» **Try it**
Transcribe the listing below word for word but skip its images.
--- START ---
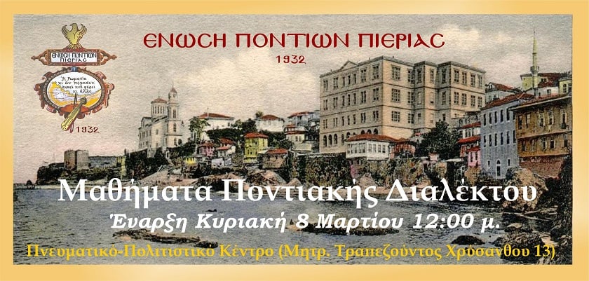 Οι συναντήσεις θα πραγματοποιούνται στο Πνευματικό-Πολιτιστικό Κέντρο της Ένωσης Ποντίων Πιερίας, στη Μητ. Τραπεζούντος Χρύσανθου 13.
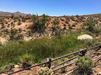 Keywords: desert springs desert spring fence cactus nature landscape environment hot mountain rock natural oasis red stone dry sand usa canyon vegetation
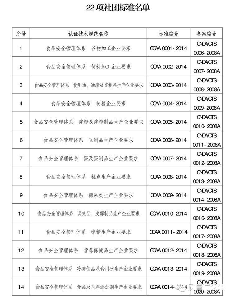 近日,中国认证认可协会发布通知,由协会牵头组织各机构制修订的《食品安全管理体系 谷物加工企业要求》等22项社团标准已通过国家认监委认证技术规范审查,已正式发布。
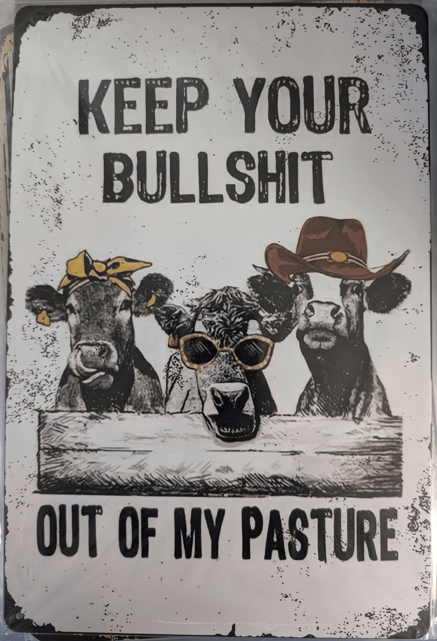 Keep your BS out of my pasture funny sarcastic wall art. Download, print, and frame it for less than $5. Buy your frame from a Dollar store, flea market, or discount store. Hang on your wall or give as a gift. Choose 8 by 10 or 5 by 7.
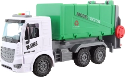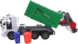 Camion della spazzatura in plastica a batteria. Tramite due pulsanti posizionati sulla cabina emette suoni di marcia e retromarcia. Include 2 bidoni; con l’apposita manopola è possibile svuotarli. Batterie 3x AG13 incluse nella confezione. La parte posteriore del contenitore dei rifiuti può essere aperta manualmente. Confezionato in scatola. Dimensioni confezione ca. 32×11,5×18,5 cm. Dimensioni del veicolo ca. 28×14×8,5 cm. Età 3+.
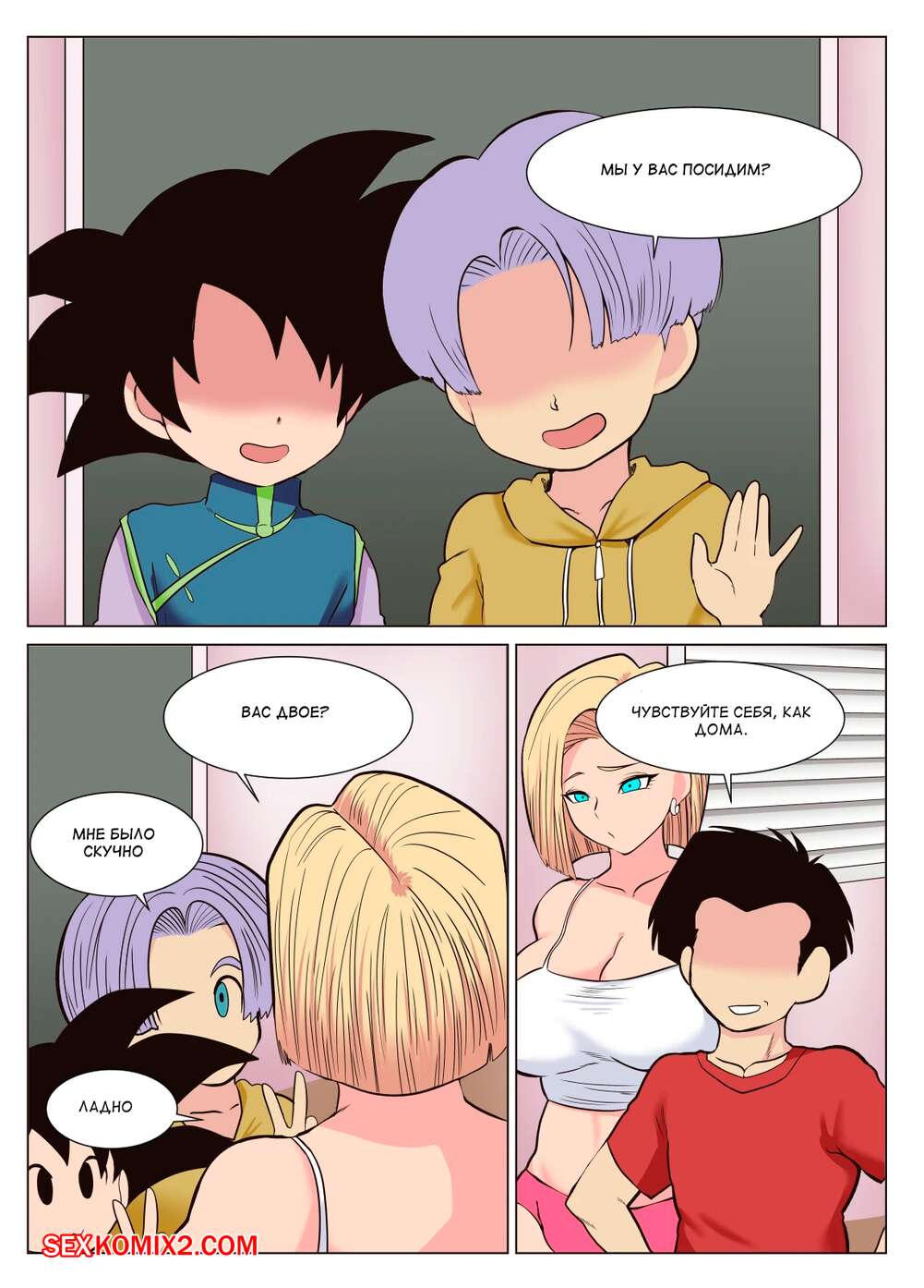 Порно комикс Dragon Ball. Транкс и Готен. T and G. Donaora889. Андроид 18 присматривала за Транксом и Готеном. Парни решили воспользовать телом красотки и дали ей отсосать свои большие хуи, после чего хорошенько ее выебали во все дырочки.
--- END ---
» **Solution for this problem**
 Οι συναντήσεις θα πραγματοποιούνται στο Πνευματικό-Πολιτιστικό Κέντρο της Ένωσης Ποντίων Πιερίας, στη Μητ. Τραπεζούντος Χρύσανθου 13.
 Keywords: desert springs desert spring fence cactus nature landscape environment hot mountain rock natural oasis red stone dry sand usa canyon vegetation
 近日,中国认证认可协会发布通知,由协会牵头组织各机构制修订的《食品安全管理体系 谷物加工企业要求》等22项社团标准已通过国家认监委认证技术规范审查,已正式发布。
 Keep your BS out of my pasture funny sarcastic wall art. Download, print, and frame it for less than $5. Buy your frame from a Dollar store, flea market, or discount store. Hang on your wall or give as a gift. Choose 8 by 10 or 5 by 7.
 Camion della spazzatura in plastica a batteria. Tramite due pulsanti posizionati sulla cabina emette suoni di marcia e retromarcia. Include 2 bidoni; con l’apposita manopola è possibile svuotarli. Batterie 3x AG13 incluse nella confezione. La parte posteriore del contenitore dei rifiuti può essere aperta manualmente. Confezionato in scatola. Dimensioni confezione ca. 32×11,5×18,5 cm. Dimensioni del veicolo ca. 28×14×8,5 cm. Età 3+.
 Порно комикс Dragon Ball. Транкс и Готен. T and G. Donaora889. Андроид 18 присматривала за Транксом и Готеном. Парни решили воспользовать телом красотки и дали ей отсосать свои большие хуи, после чего хорошенько ее выебали во все дырочки.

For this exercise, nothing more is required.